LACONIA — Ever since the pandemic reached New Hampshire, residents have been looking to the outdoors as a place they can safely recreate and exercise. That trend has continued despite the arrival of winter conditions.
“Golf was up. Disc golf is up — we have people that come almost every day for disc golf,” said Bob Bolduc, founder of the nonprofit Bolduc Park on the Laconia-Gilford border. Cross-country ski interest is also up, he said, with about twice as many people as usual signing up for lessons.
“Cross-country has gone nuts because you can social distance easy. The outdoors is your cross-country area. When we had snow, it was real busy,” Bolduc said. Conditions are still skiable, he said, but, “all we need is 3 inches of snow and we’re flying.”
Kick and glide
Bolduc, whose family operates Piche’s Ski and Sports in Gilford, said the demand that they saw for bicycles in the spring has transferred to gear for winter sports. Interest is up across the board, including ice skating and downhill skiing, but particularly for snowshoeing and cross-country skiing.
He said that, for the most part, “These are people who are new to the sport, they want to get out in the fresh air. They can get out in their own backyard… Anything to get people out in the fresh air and social distance, they’re doing. And I don’t blame them. People are sick of being cooped up.”
On the other side of Lake Winnipesaukee, Nordic Skier owner Steve Flagg said he has seen the same trend, and it’s coupled with the same supply-chain issues that have been frustrating outdoor outfitters for nearly a year.
“We still can’t get bikes, and snowshoes and cross-country skis are following the same path. Our shelves are empty, and so are the warehouses,” Flagg said.
Tim Perry, who has worked at the Nordic Skier for 30 years, said the demand for new cross-country gear has been undercut by a fire in a massive factory in the Ukranian town of Mukachevo. The factory, owned by Fischer, produced more than half of Europe’s skis and exported its product to North America. The production facility also provided contract manufacturing for many other brands, including Rossignol and Alpina.

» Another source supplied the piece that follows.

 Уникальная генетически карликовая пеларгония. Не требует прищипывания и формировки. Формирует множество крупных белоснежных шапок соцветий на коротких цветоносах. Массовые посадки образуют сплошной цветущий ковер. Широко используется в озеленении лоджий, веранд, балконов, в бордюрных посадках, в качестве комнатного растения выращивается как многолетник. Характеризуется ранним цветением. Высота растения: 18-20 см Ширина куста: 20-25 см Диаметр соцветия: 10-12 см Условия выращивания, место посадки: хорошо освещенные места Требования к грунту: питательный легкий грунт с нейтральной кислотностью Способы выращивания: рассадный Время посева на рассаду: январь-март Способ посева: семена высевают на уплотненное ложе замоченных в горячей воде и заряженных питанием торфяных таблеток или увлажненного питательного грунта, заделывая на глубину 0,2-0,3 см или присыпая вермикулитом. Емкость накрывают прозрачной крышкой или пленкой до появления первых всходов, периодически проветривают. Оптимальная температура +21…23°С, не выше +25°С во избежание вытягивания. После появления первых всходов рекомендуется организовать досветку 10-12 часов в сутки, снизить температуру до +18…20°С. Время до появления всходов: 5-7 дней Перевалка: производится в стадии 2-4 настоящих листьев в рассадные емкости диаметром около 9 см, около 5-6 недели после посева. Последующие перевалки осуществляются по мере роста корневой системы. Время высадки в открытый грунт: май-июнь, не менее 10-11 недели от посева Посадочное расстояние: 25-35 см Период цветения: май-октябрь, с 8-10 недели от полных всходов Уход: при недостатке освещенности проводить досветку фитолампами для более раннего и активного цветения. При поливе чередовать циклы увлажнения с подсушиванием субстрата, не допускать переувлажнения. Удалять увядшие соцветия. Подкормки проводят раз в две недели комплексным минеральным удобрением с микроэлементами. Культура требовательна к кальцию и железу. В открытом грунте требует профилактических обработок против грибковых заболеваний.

The unfortunate irony is that 2021 was set up to be a rebound year for cross-country skiing, Perry said. “Cross-country skiing has been quietly dying.” He said that the pandemic has inspired people to take a new look at the sport. “All of a sudden, it was a rediscovery of the concept, so all of our average sizes of skis and boots are shot now, and there aren’t any more coming in, either.”

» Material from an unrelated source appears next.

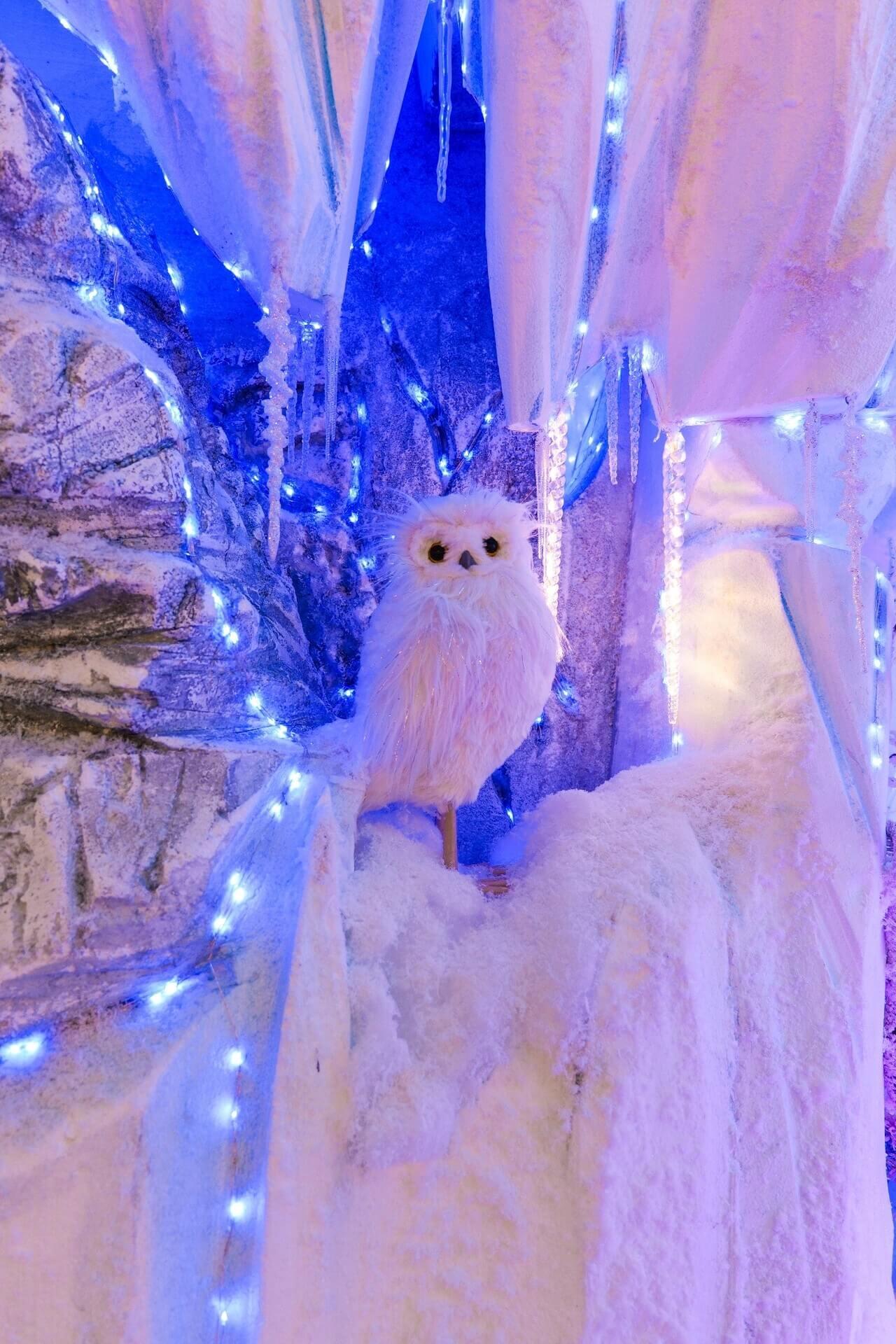 Инсталляция состоит из нескольких уровней. Выполнена в «зимних» тонах: белом и голубом. В композиции отражены как реально существующие объекты, так и сказочные. Мельница, маяк, фантастический замок, а ещё деревеньки и лесные обитатели.

The good news for the ski shop is that they also offer rentals — usually used on the nearby Wolfeboro Nordic trail system — so that will keep them busy despite a lack of new inventory. Season passes to that trail system, which can be purchased at the Nordic Skier, have been selling briskly, Perry said.
Many of the new skiers are people who don’t usually spend their winters in Wolfeboro, Perry said. He advises people new to Lakes Region winter recreation to dress in layers and “be ready for everything.”
Flagg, as well as Bolduc, said that people new to cross-country skiing ought to start at a park or trail system before venturing off into the wild and might want to pay for some expert guidance.
“It’s not a bad idea to sign up for a lesson or two and visit a Nordic center where trails are groomed,” Flagg said.
Another classic winter pastime, ice fishing, has also become a haven for the pandemic-weary. Even though ice is still forming on many lakes, activity has already started to spike.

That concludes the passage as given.